Concurrently to the real-time inspection process illustrated in 615-640, once the traffic flows are identified at 610, the method also proceeds to 650, where sample packets are selected from the traffic flows and copied to the profile sensor (i.e., Snort sensor). At 655, the profile sensor performs deep packet inspection on the sample packets using as large a number of signatures as possible. At 660, the profile sensor develops a profile of the network based on the deep packet inspection, and at 665, provides the profile to the control server. At 670, the control server determines whether any updates are needed to the set of signatures used by the SME for real-time inspection based on the profile. If not, the process repeats at 650 with the profile sensor receiving new sample packets for deep packet inspection.
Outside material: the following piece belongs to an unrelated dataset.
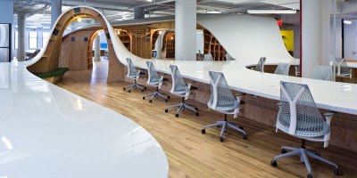 The Barbarian Group Office, New York City Designed by Clive Wilkinson Architects | Photograph by Michael Moran The Barbarian Group is an award-winning advertising agency in New York City. After 8 years at their previous office space, the team grew tired of the countless offices, meeting rooms and ‘scheduled collaborations’. They set their … Continue reading This 1,100 ft long Office Desk Seats All 125 Employees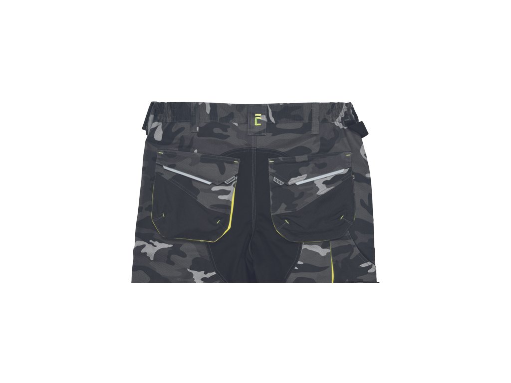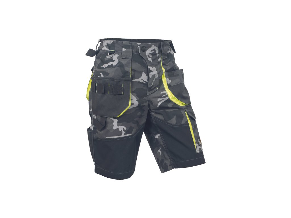 pánské pracovní šortky s pružným pasem a multifunkčními kapsami; v moderní úpravě šedé kamuflážové barvy; Oxford 600D zesílené spodní částí kapes; odolné trojité prošití nohavic a sedu; reflexní prvky

If the control sever determines that updates to the set of signatures are needed, at 675, the control server updates the set of signatures.
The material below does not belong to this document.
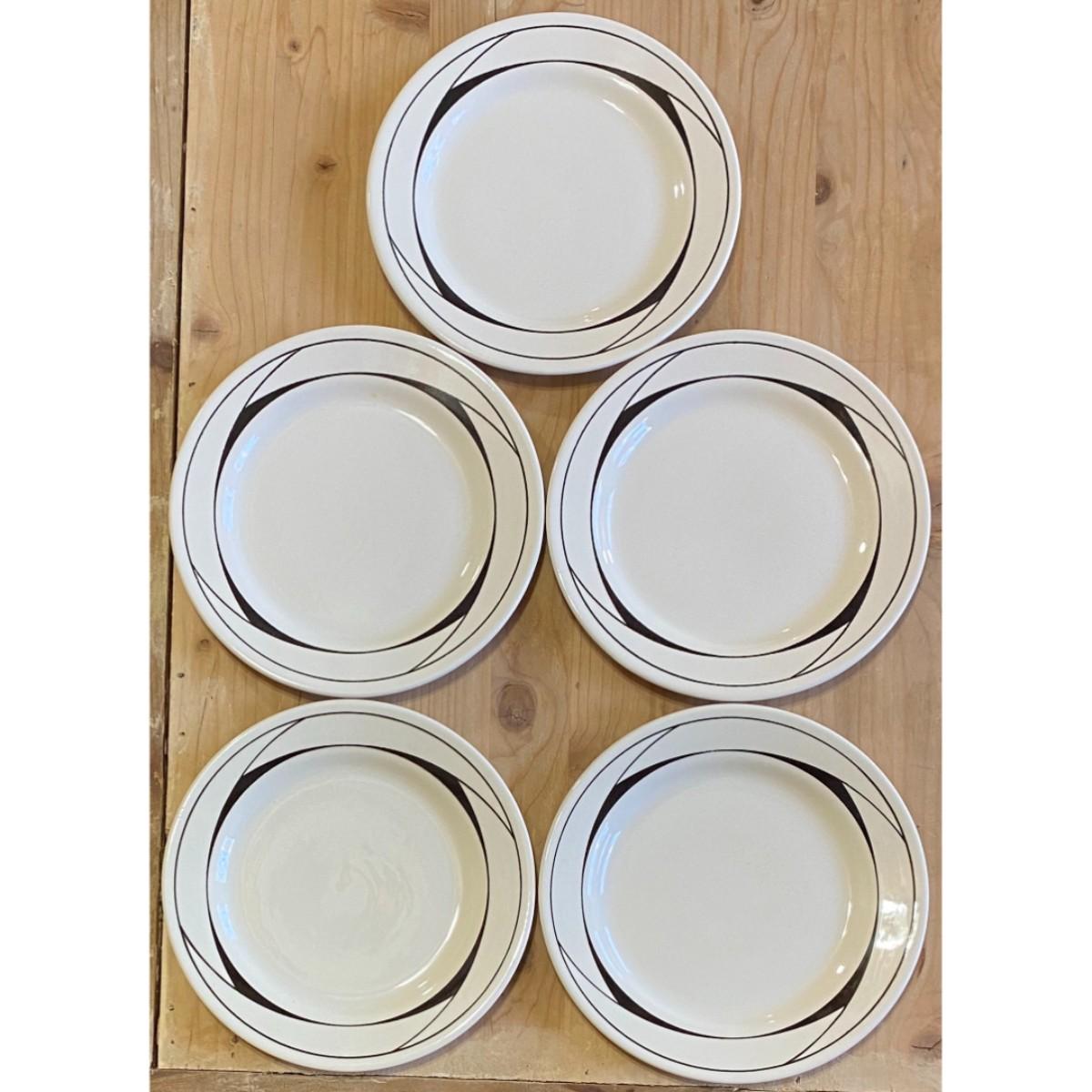 You get five plates that are in good condition with minor surface wear. They measure approximately 7 3/8" in diameter. Please see all pictures. Thank you for looking. As a reminder, if this is a lot, we do not break up lots. Also, all items are prepacked, so each item is sent individually. Any item that qualifies for media mail and weighs over one pound will be shipped via media mail. Otherwise, the item will be shipped USPS ground advantage, or UPS ground. Shipping for this item is $12.00. Items ship within two days after payment is received. Item SKU is OTH3031.

As may be used herein, the term “operable to” indicates that an item includes one or more of processing modules, data, input(s), output(s), etc., to perform one or more of the described or necessary corresponding functions and may further include inferred coupling to one or more other items to perform the described or necessary corresponding functions. As may also be used herein, the term(s) “coupled to” and/or “coupling” and/or includes direct coupling between items and/or indirect coupling between items via an intervening item (e.g., an item includes, but is not limited to, a component, an element, a circuit, and/or a module) where, for indirect coupling, the intervening item does not modify the information of a signal. As may still further be used herein, inferred coupling (i.e., where one element is coupled to another element by inference) includes direct and indirect coupling between two items in the same manner as “coupled to”.
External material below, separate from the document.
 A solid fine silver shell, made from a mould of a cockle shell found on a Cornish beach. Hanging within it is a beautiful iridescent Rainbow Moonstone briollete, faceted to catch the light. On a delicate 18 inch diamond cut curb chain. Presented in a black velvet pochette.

Embodiments have also been described above with the aid of method steps illustrating the performance of specified functions and relationships thereof. The boundaries and sequence of these functional building blocks and method steps have been arbitrarily defined herein for convenience of description. Alternate boundaries and sequences can be defined so long as the specified functions and relationships are appropriately performed. Any such alternate boundaries or sequences are thus within the scope and spirit of the claimed invention. Similarly, flow diagram blocks may also have been arbitrarily defined herein to illustrate certain significant functionality. To the extent used, the flow diagram block boundaries and sequence could have been defined otherwise and still perform the certain significant functionality. One of average skill in the art will also recognize that the functional building blocks, and other illustrative blocks, modules and components herein, can be implemented as illustrated or by one or multiple discrete components, networks, systems, databases or processing modules executing appropriate software and the like or any combination thereof.